0

I would like to manually edit a Fastq file using Bash to multiple similar lines.

In Fastq files a sequence read starts on line 2 and then is found every fourth line (ie lines 2,6,10,14...).

I would like to create an edited text file that is identical to a Fastq file except the first 6 characters of the sequencing reads are trimmed off.

Unedited Fastq:

@M03017:21:000000000
GAGAGATCTCTCTCTCTCTCT
+
111>>B1FDFFF

Edited Fastq:

@M03017:21:000000000
TCTCTCTCTCTCTCT
+
111>>B1FDFFF
user207421
  • 305,947
  • 44
  • 307
  • 483
The Nightman
  • 5,609
  • 13
  • 41
  • 74

2 Answers2

1

I guess awk is perfect for this:

$ awk 'NR%4==2 {gsub(/^.{6}/,"")} 1' file
@M03017:21:000000000
TCTCTCTCTCTCTCT
+
111>>B1FDFFF

This removes the first 6 characters in all the lines in the 4k+2 position.

Explanation

  • NR%4==2 {} do things if the number of record (number of line) is on 4k+2 form.
  • gsub(/^.{6}/,"") replace the 6 first chars with empty string.
  • 1 as evaluated to True, print the line.
fedorqui
  • 275,237
  • 103
  • 548
  • 598
  • Strange, that code makes sense but when I use the above line of code and then pipe to more or output to a file I get the exact text that I started with, no trimming or errors. Any ideas why? – The Nightman Feb 16 '15 at 16:09
  • FWIW I just piped it to a new file and it is the same as to `stdout`. – user3439894 Feb 16 '15 at 16:15
  • Strange.
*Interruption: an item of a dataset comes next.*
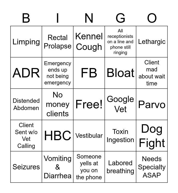 This bingo card has a free space and 24 words: HBC, Vomiting & Diarrhea, FB, Seizures, Lethargic, Limping, ADR, Rectal Prolapse, Google Vet, Vestibular, Bloat, Distended Abdomen, Toxin Ingestion, Dog Fight, Emergency ends up not being emergency, Labored breathing, Parvo, Kennel Cough, Client mad about wait time, No money clients, Needs Specialty ASAP, Client Sent w/o Vet Calling, All receptionists on a line and phone still ringing and Someone yells at you on the phone.

Make some debug like saying `awk 'NR%4==2' file` and see if it print the line you want to replace. Maybe you have some header... – fedorqui Feb 16 '15 at 16:24
  • Running that does point to the correct lines of the file it appears. – The Nightman Feb 16 '15 at 16:26
  • @TheNightman you could try replacing `^.{6}` for `^......` in case the regex is not understood by your `awk`. – fedorqui Feb 16 '15 at 16:28
  • 1
    That seems to do it. Using ^...... and then outputting to a file gives me what I'm looking for. Thanks. – The Nightman Feb 16 '15 at 16:34
  • @TheNightman nice to read that! Also, mind your finger, you are accepting and unaccepting continuously :) http://stackoverflow.com/posts/28545286/timeline – fedorqui Feb 16 '15 at 16:40
  • yeah i didn't know that two answers couldn't be selected. I guess if I vote the answer as useful the person gets the credit regardless of whether or not i mark it as 'the' answer? – The Nightman Feb 16 '15 at 17:45
  • @TheNightman Yep! You can vote, accept or both. When I ask, I tend to mark as accepted the answer that helped me the most and upvote those that I consider useful and well explained (this normally includes the accepted one). The thing about the accepted answer is that is likely to get way more attention (and hence upvotes) from future visitors, since it shows first in the list. – fedorqui Feb 17 '15 at 10:17
1

GNU sed can do that:

sed -i~ '2~4s/^.\{6\}//' file

The address 2~4 means "start on line 2, repeat each 4 lines".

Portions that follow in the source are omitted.